I left Saskatoon for Regina three months after my 15th birthday. My adolescence to that point had been relatively smooth and uncomplicated. I never thought about leaving Saskatoon, never thought of Saskatoon as a place to escape or, worse, as a place impossible to escape. I don't doubt that I would have eventually found Saskatoon to be a set of shackles around my ankles when I'm trying to jump a train. Nearly all my friends from Saskatoon have left (most of them are here in Vancouver), most them as soon as they could.
But the fact remains that I didn't stay in Saskatoon long enough to resent it. When I left, Saskatoon was still big enough to hold my dreams. Saskatoon teemed with adults I admired. Important people walked among us. Though we never saw him, we had heard that a famous and respected novelist lived on the same crescent as Dan and John, not far from Market Mall. Our Eighth Grade teacher had put out a record! All around us there were poets, visual artists, musicians, upholsterers, sewage engineers, whatever. Maybe I was just too young and naive to think otherwise, or maybe I was just lucky, but the people I knew--peers and adults alike--were really engaged with the community. Those people seemed harder to find in Regina.

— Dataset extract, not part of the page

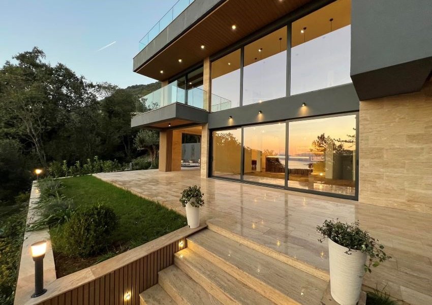 A new modern family villa with three bedrooms, terraces with panoramic sea views and with a rooftop pool is located in the town of Kavac on the coast of the Tivat Bay. Kavac - a unique place with its microclimate and beautiful nature - is located on a hill above the Tivat airport, its south-western orientation provides sunshine all year round.
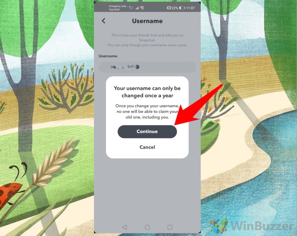 Anda dapat mengubah nama pengguna di Snapchat setahun sekali, dan Anda dapat mengetuk”Kembali”jika Anda berubah pikiran. Namun begitu Anda mengetuk”Lanjutkan”, nama pengguna Snapchat baru Anda akan permanen selama satu tahun.

Of course, I never really had to negotiate Saskatoon as anything other than a child, a teenaged child, okay. Even at my most independent, I could always count on certain securities. I always knew that my parents, teachers (with a few horrible exceptions), or other responsible adults would take care of me. Even when I stayed out all night or showed up at school with tiny dots of red paint on my glasses the Monday after someone spray-painted a pentagram and surrounded by the words Mötley Crüe on the portable classroom, I always felt like a part of something.

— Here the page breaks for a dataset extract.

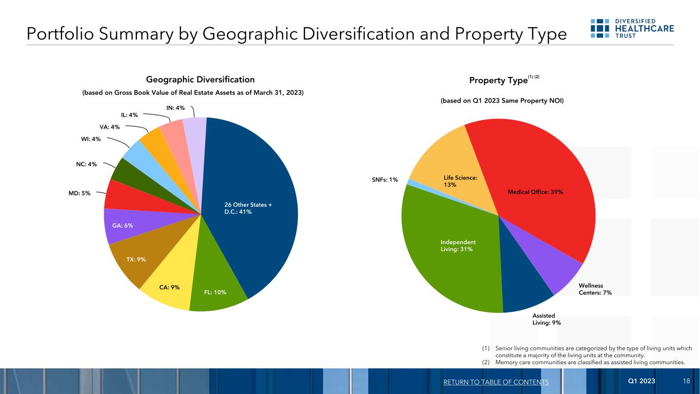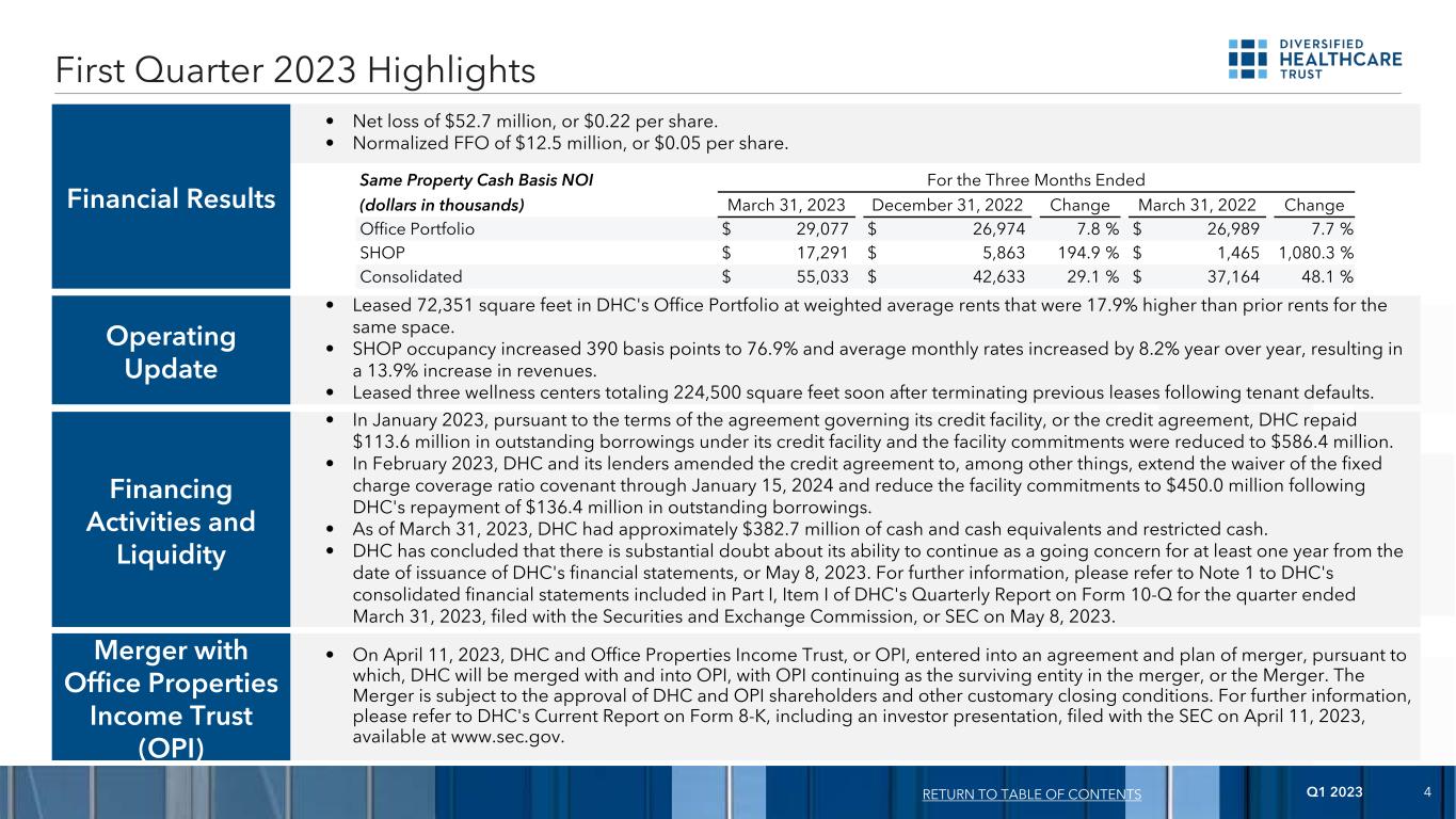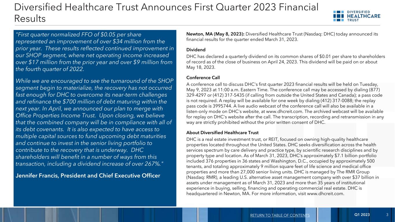 Q1 2023 3 "First quarter normalized FFO of $0.05 per share represented an improvement of over $34 million from the prior year. These results reflected continued improvement in our SHOP segment, where net operating income increased over $17 million from the prior year and over $9 million from the fourth quarter of 2022. While we are encouraged to see the turnaround of the SHOP segment begin to materialize, the recovery has not occurred fast enough for DHC to overcome its near-term challenges and refinance the $700 million of debt maturing within the next year. In April, we announced our plan to merge with Office Properties Income Trust. Upon closing, we believe that the combined company will be in compliance with all of its debt covenants. It is also expected to have access to multiple capital sources to fund upcoming debt maturities and continue to invest in the senior living portfolio to contribute to the recovery that is underway. DHC shareholders will benefit in a number of ways from this transaction, including a dividend increase of over 267%." Jennifer Francis, President and Chief Executive Officer Diversified Healthcare Trust Announces First Quarter 2023 Financial Results RETURN TO TABLE OF CONTENTS Newton, MA (May 8, 2023): Diversified Healthcare Trust (Nasdaq: DHC) today announced its financial results for the quarter ended March 31, 2023. Dividend DHC has declared a quarterly dividend on its common shares of $0.01 per share to shareholders of record as of the close of business on April 24, 2023. This dividend will be paid on or about May 18, 2023. Conference Call A conference call to discuss DHC's first quarter 2023 financial results will be held on Tuesday, May 9, 2023 at 11:00 a.m. Eastern Time. The conference call may be accessed by dialing (877) 329-4297 or (412) 317-5435 (if calling from outside the United States and Canada); a pass code is not required. A replay will be available for one week by dialing (412) 317-0088; the replay pass code is 3995744. A live audio webcast of the conference call will also be available in a listen-only mode on DHC's website, at www.dhcreit.com. The archived webcast will be available for replay on DHC's website after the call. The transcription, recording and retransmission in any way are strictly prohibited without the prior written consent of DHC. About Diversified Healthcare Trust DHC is a real estate investment trust, or REIT, focused on owning high-quality healthcare properties located throughout the United States. DHC seeks diversification across the health services spectrum by care delivery and practice type, by scientific research disciplines and by property type and location. As of March 31, 2023, DHC’s approximately $7.1 billion portfolio included 376 properties in 36 states and Washington, D.C., occupied by approximately 500 tenants, and totaling approximately 9 million square feet of life science and medical office properties and more than 27,000 senior living units. DHC is managed by The RMR Group (Nasdaq: RMR), a leading U.S. alternative asset management company with over $37 billion in assets under management as of March 31, 2023 and more than 35 years of institutional experience in buying, selling, financing and operating commercial real estate. DHC is headquartered in Newton, MA. For more information, visit www.dhcreit.com.

I don't mean to suggest that Regina is a shit place and that all the people I met there were shit people and that the writers, artists and musicians I got to know there as a teenager were shit writers, artists and musicians. Far from it. The truth is that Regina never had a chance. I became a sulky teenager almost from the moment I arrived and it was through those eyes that I saw Regina. Saskatoon, meanwhile, remained the city of my childhood. For years, I only saw Regina for what it wasn't.
I still dream about Saskatoon sometimes, but I don't pretend to know what it's become. Regina, I'm less angry at all the time.
I still don't have a good or wholly accurate answer to "Where are you from?" But I'm working on it.